Philippa Kelly, chair of the investment committee, says growing the investment team outside Australia an anticipated fourfold over the next decade is part of the fund’s internalisation strategy.

“This reflects our long-term approach to internalisation, and that, wherever possible, investments should be managed by those with local insights and proximity to the deals and target assets,” Kelly says in the fund’s latest annual report.

“We expect that more than 75 per cent of the portfolio will be managed internally by 2030.”

The good news for members is an expectation that by building these teams out the fund expects to “save more than $1.3 billion per year by the end of the decade”.

Moloney says he expects about another two to three years of work to build out the capabilities in the London and New York offices to support that internalisation effort.

“We expect to extract some real efficiencies as we internalise, we reduce external costs, and we can maximise what we have and expect to deliver some of that benefit to members,” he says.

In addition, Moloney says the investment committee and board is keenly focused on how to hold the internal team accountable to the same standards as external managers.

A recent $A1.1 billion equity and credit write-off connected to venture capital investment in Pluralsight attracted front page news in Australia.

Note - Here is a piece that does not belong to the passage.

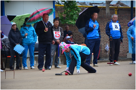 門球場上,隊(duì)員們個(gè)個(gè)精神煥發(fā),手握重槌,氣定神閑,揮桿對(duì)壘沉著冷靜,彎腰擊球也顯得身手矯健,擊球力度和角度都控制得非常精準(zhǔn),毫不遜色于年輕人。“過門”、“撞擊”、“閃擊”,充分展現(xiàn)了“壯心未與年俱老”的“夕陽紅”活力。

After the write-down the fund took a very close look at what happened and what could have been done differently, Moloney says.

He also welcomes the growing public scrutiny of funds investing more directly into private markets.

“I think personally, as a member as well, scrutiny on funds in this area… could do with ongoing focus and I don’t think we should shy away from it.”

He says the fund needs to deliver on its promise to deliver an outcome for members that is better than just passively investing the money, and to be accountable for that.

“So I think it is actually a good thing that we get constant scrutiny, it just needs to be balanced across the sector,” he says

“Not every model is the same, and capabilities are being built differently, but the ultimate test of it all is the performance numbers.

“There will always be issues in a portfolio, we are so big now with so many assets and geographies, I don’t mind the scrutiny personally. I think it is a good thing. And our members should expect that. It’s all part of being a good business and doing a good job, being open to scrutiny and being up for the challenge.”

AustralianSuper’s balanced fund 10-year performance was 8.07 per cent and one-year to June 30 was 8.46 per cent.